Logo Design Creation Process from Start to Finish by Expert Graphic Designer - Jose Soto
Graphic design is one of the things that I like to do most in my life, but I must admit that I have a special preference for logo design.
If you take a look at my past work ( www.portfolios.com/josesoto ), you might think that some of the logos are quite nice. However, you aren’t familiar with the steps that I take when I go through the logo design process. This article will take you through my design procedure so that you possibly can learn a bit from my techniques.
Within this article, I am going to detail the “six steps” that I took to design the logo for the “Seventh Congress of Zoos and Aquariums” (in Spanish: septimo congreso de parques zoologicos y acuarios).

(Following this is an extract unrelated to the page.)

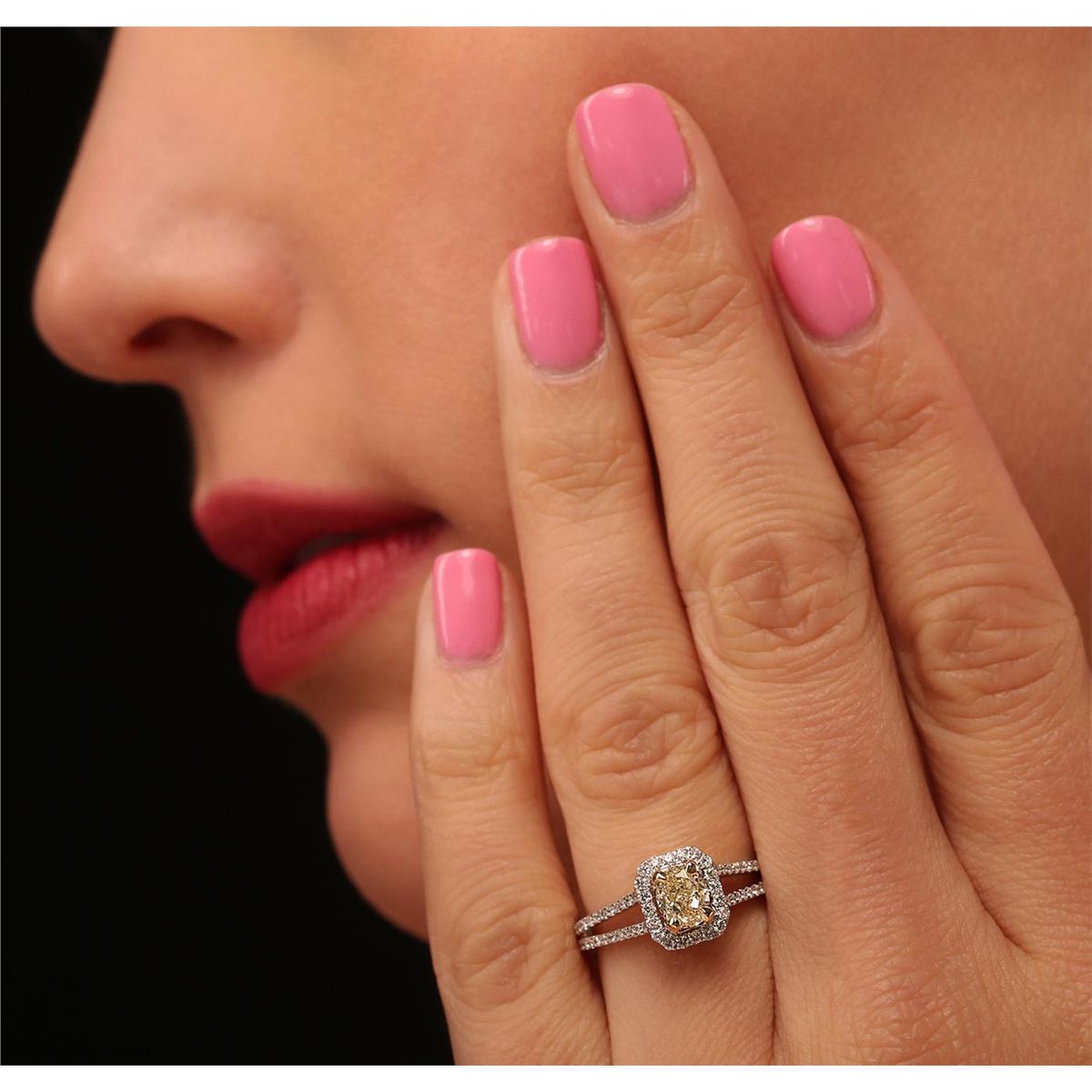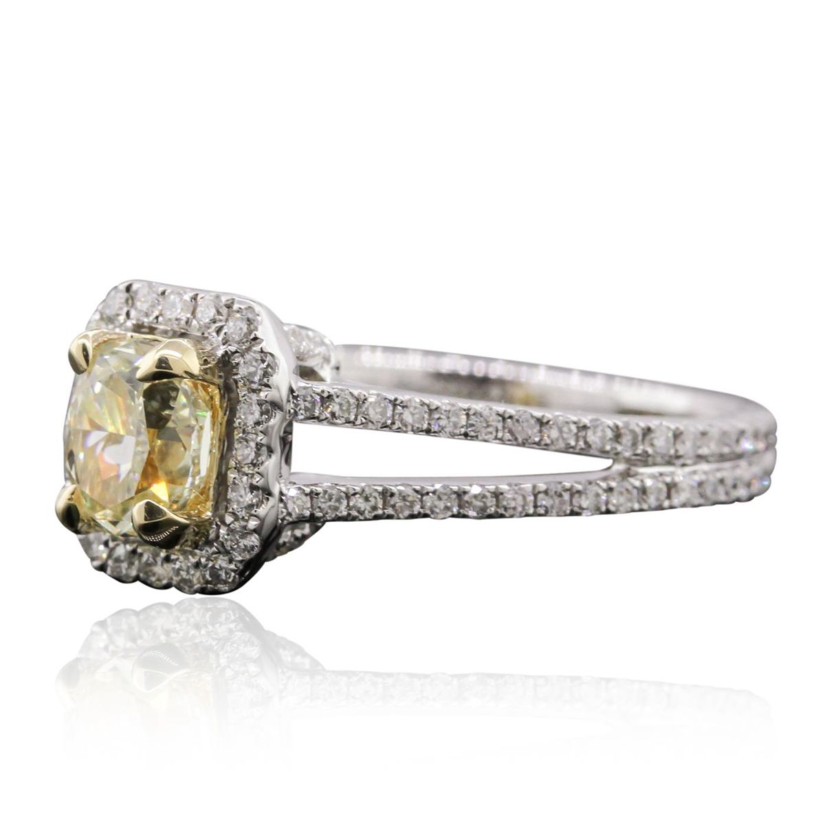 One electronically tested 14KT white and yellow gold Ladies combination cast & assembled engagement ring with a bright polish finish. Condition is new. Identified with markings of "14K". Containing: One prong set oval shaped cut diamond, measuring 5.99 x 4.80 x 4.32mm (depth est.) approximate weight of 0.78ct. Clarity: VS-2, Cut is Good. One Hundred prong set round brilliant cut diamonds, measuring 1.00 - 1.00 x 0.60mm (depth est.) approximate. Total Weight of 100 Stones = 0.36ct. Clarity: SI-2 to I-1, Cut is Good. Total Weight of Diamonds 1.14ct. Total Weight of Ring 4.20 grams. GGL Appraised at $11,720.00.
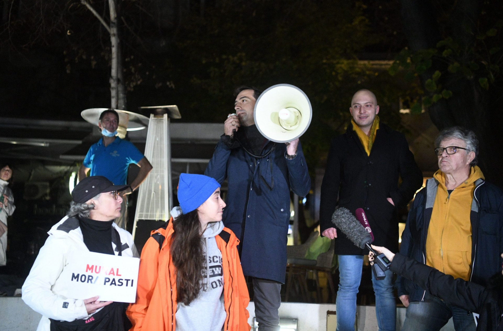 Što se mene tiče, Aleksandar Vučić mora pasti iz dva razloga: jedan je što radi ono što ne smije, gazi Ustav i nipodaštava zakone, ponaša se kao tiranin. On naručuje crteže i kojekakve murale. Kao građanin Beograda ponosan sam da je naš, moj grad, počeo da cvjeta u cvijetu solidarnosti i empatije prema žrtvama - rekao je Radovanović i poručio momcima koji nose crne majice da se povežu zajedno protiv fašizma.

(1) Detailed Discussion with the Customer
I started this project off by sitting down with the customer to discuss the details of this design project. You should always start your design project off by discussing every important detail. If you are working with a larger company, then you might have to deal with the communications department. However, if at all possible, you should try to work with only one person from the company since otherwise you might have too many conflicting sources of information (unfortunately this is not always possible). In these initial visits you should try to gather all of the important information (by direct questions, seeing the colors of the office, numbering the incoming telephone calls, etc.). In this first step you should be as sensible as you can be. This will allow you to get all of the information that the client doesn’t know that he even has.
In this case, I need to design a logo for the Congress of Zoos. However, after the initial visit, I found out that the client wanted an illustration first, then a logo.
(2) Combine the Client’s Needs, the Market Observation and Your “Style” Together
Although you might disagree with me, I think that it is important to let the client know that he isn’t always going to be right. Of course, I will say this with tact, I want the client to understand that he hired me because I am good at what I do. I know what looks good and what doesn’t. We should avoid letting the customer design, because then we just become the ‘drawing man’. In this case, the customer wanted a full color logo, however, he didn’t want to spend a lot of money. I recommended that we work with a 2 color logo instead because this will reduce the costs dramatically.
(3) Create a Magic Word List
I think that this is one of the most important steps in my design procedure. Here you should translate in single words what the logo will need to communicate. This list should be as simple as possible and it should have only words that have a strong relation with the logo.
In this case the words were:
(4) Use Your Master Design Skills to Do Something With Those Magic Words
As a creative graphic designer, this is the part that you probably like the most! Here you will have to join by symbols all of the words that you have in your magic list by using your art skills and design creativity. I never ignore the “romantic” idea of sketching on a piece of paper because I can jot quick ideas, but of course the computer drawings turn out better.
I don’t have a specific number of sketches that I draw up, but something inside me tells me when I have sketched enough and I have found a good idea.
In this case some good questions that I asked myself were:
How can I match the number seven with an animal?
How can I match a fish with the type Z of the zoo word?
What graphic relations are there between a fish, an animal, and the number seven?
Were can I place the vegetation?
How can I make everything looks simple?
(5) To show the ideas to your client and to have a feed back
Now it is time for you to show the proofs to your client. It is important that even now you present the proofs as professional as possible. Normally I only present my 2 favorite ones (even if I have done 6) because if you present too many options to your client he may want to mix them together (and that is usually just a terrible idea).
(6) Do the Revisions and Leave Some Time to Pass.
I like to leave some time (although some times it is not possible to do this) because I think that good logos are like good wines as they both get better with elapsed time. Once you have the client’s feedback you can work on the corrections.